La TBE3 fait ses voeux .... de réussite.... pour Tanabata

Lors du Festival Culturel Japonais en juillet dernier, les élèves de la TBE3 se sont essayés à une coutume japonaise, qui consiste à accrocher dans les arbres des papiers sur lesquels ont été inscrits des vœux.


Que se passe-t-il le 7ème jour du 7ème mois du calendrier luni-solaire, soit le 07 jullet ? Et bien Tanabata , la Fête des Etoiles !
Tanabata n’est pas une Fête Nationale, mais une festivité très importante pour les Japonais. Elle célèbre la rencontre de Orihime (l’étoile Vega) et de Hikoboshi (Altair).

Selon une légende, l’empereur céleste avait sept filles. La plus jeune, experte en tissage, était appelée la Tisserande (Shokujo ou Ori Hime).
Assise chaque jour devant son métier elle ne tissait pas des tissus ordinaires mais uniquement des brocarts célestes pour chaque changement de saison. Chaque jour l’arrangement du Ciel était un de ses chefs-d’oeuvre.

Un jour, la princesse, qui s’ennuyait au Ciel descendit se promener sur terre. Là elle rencontra un jeune vacher que tout le monde surnommait le Bouvier (Kengyû). Ils tombèrent immédiatement amoureux l’un de l’autre. Insatisfaite de sa vie solitaire au Ciel et de la surveillance sévère de son père, la Tisserande rêvait d’un amour passionné, d’un avenir heureux et d’une vie paisible. Elle décida donc de rester sur terre auprès de son compagnon le Bouvier. Ils formèrent alors un couple inséparable. L’homme travaillait aux champs et la femme tissait...
Quelques années passèrent ; de leur amour un garçon puis une petite fille naquirent.

Mais bientôt l’empereur céleste, mis au courant de la nouvelle vie de sa fille, entra dans une colère violente et envoya un génie chercher sa fille pour la ramener au Ciel.

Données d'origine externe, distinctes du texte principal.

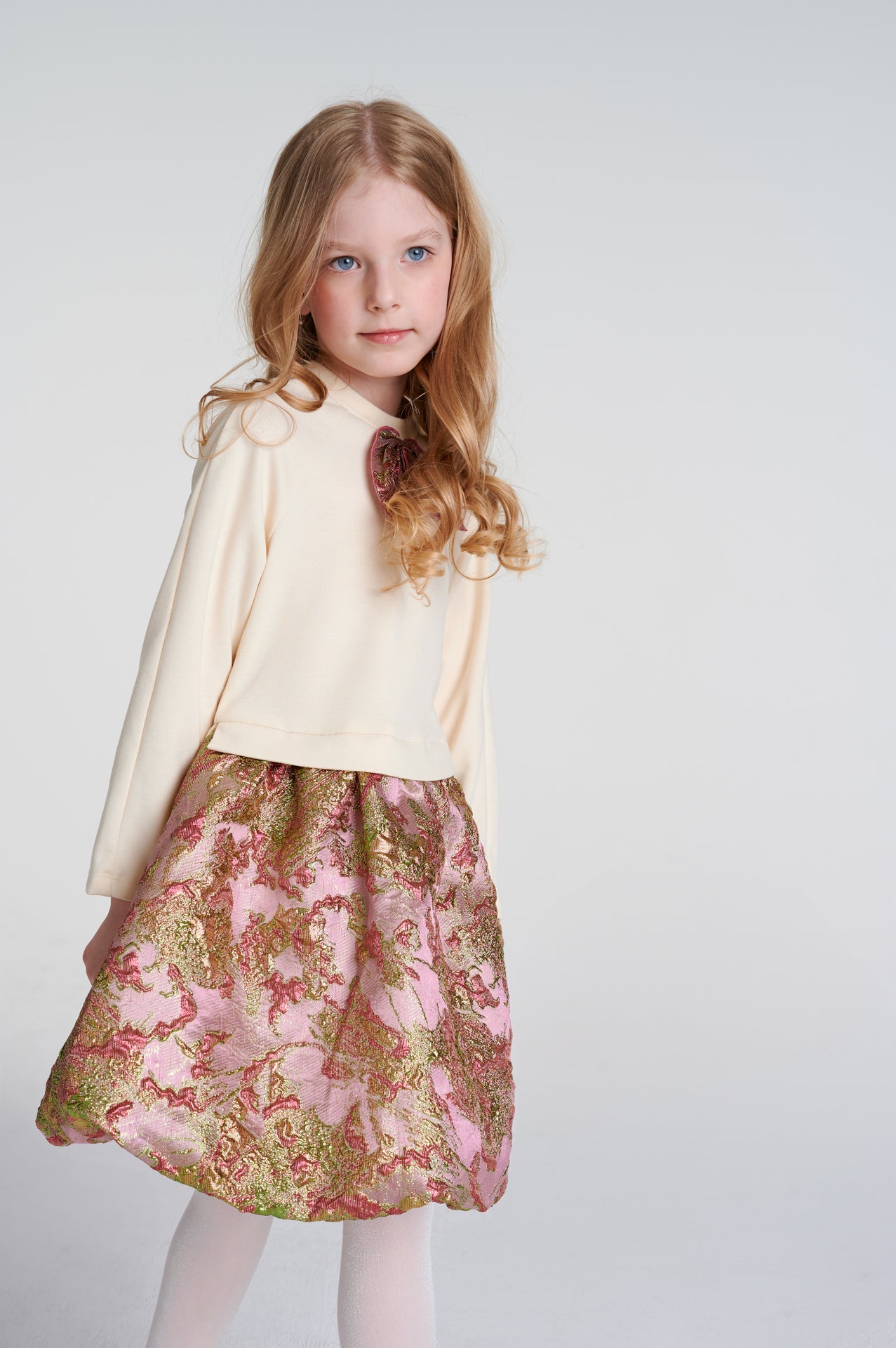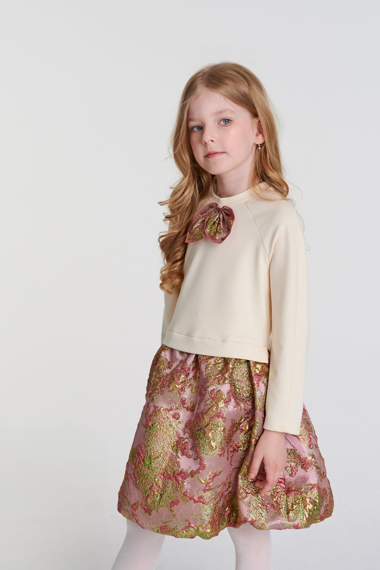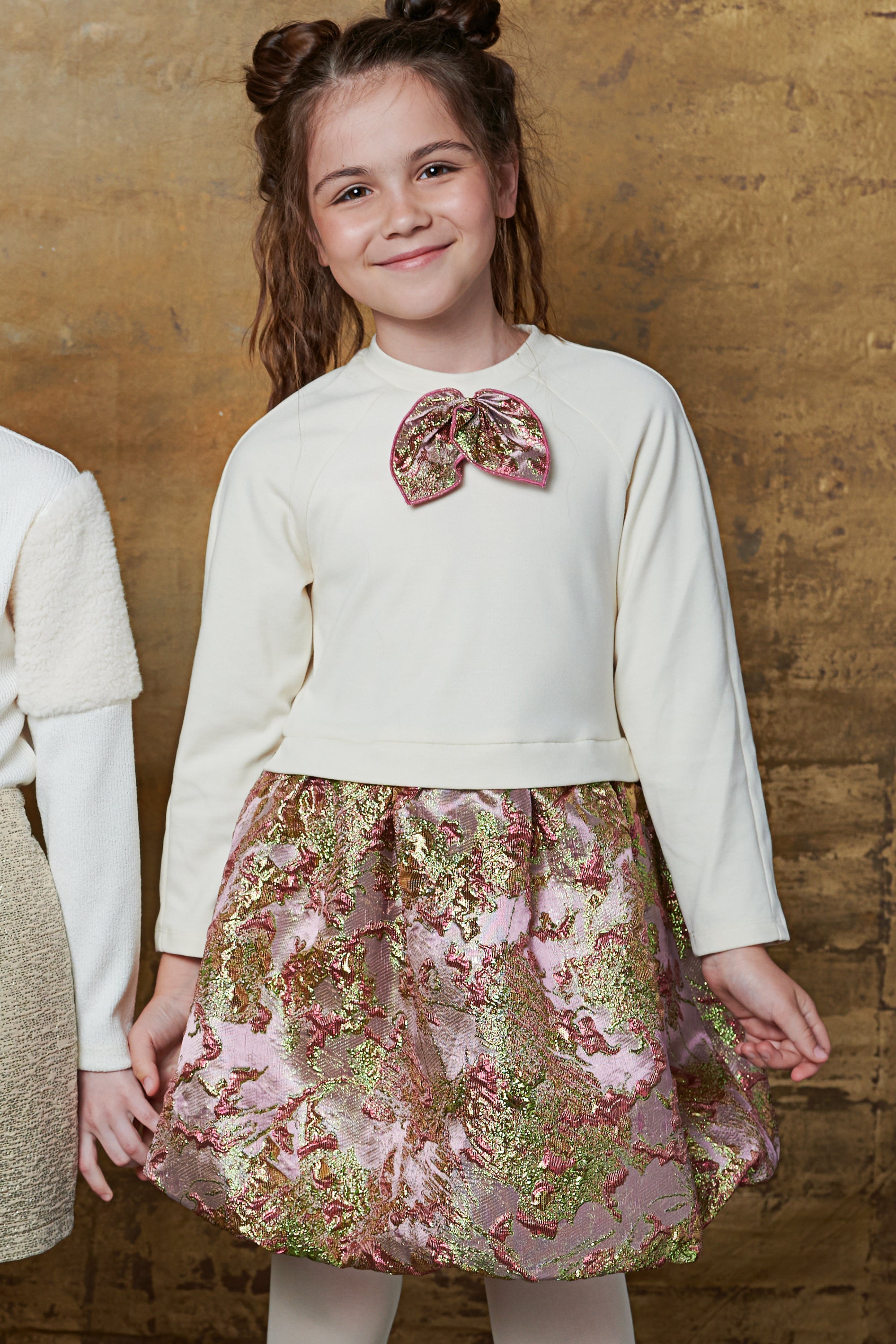 Jakar kız çocuk ebisenin üst bedeni esnek örme kuşatır. alt kısmı ise altın rengi jakar kumaştan imal edilmiştir. Yine etek kısmındaki jakar kumaştan göğüs kısmında fiyonk detayı vardır.

Séparée de son mari et de ses enfants, la princesse se mit à pleurer de douleur. Constatant la disparition de sa bien aimée, le Bouvier plaça ses enfants dans deux paniers aux deux bouts d’une planche et partit à sa recherche. Mais au moment où il s’apprêtait à rattraper son épouse captive d’un génie céleste, la femme de l’Empereur apparut et fit naître d’un geste de la main une rivière large, profonde et aux eaux tumultueuses qui stoppa l’avancée du Bouvier.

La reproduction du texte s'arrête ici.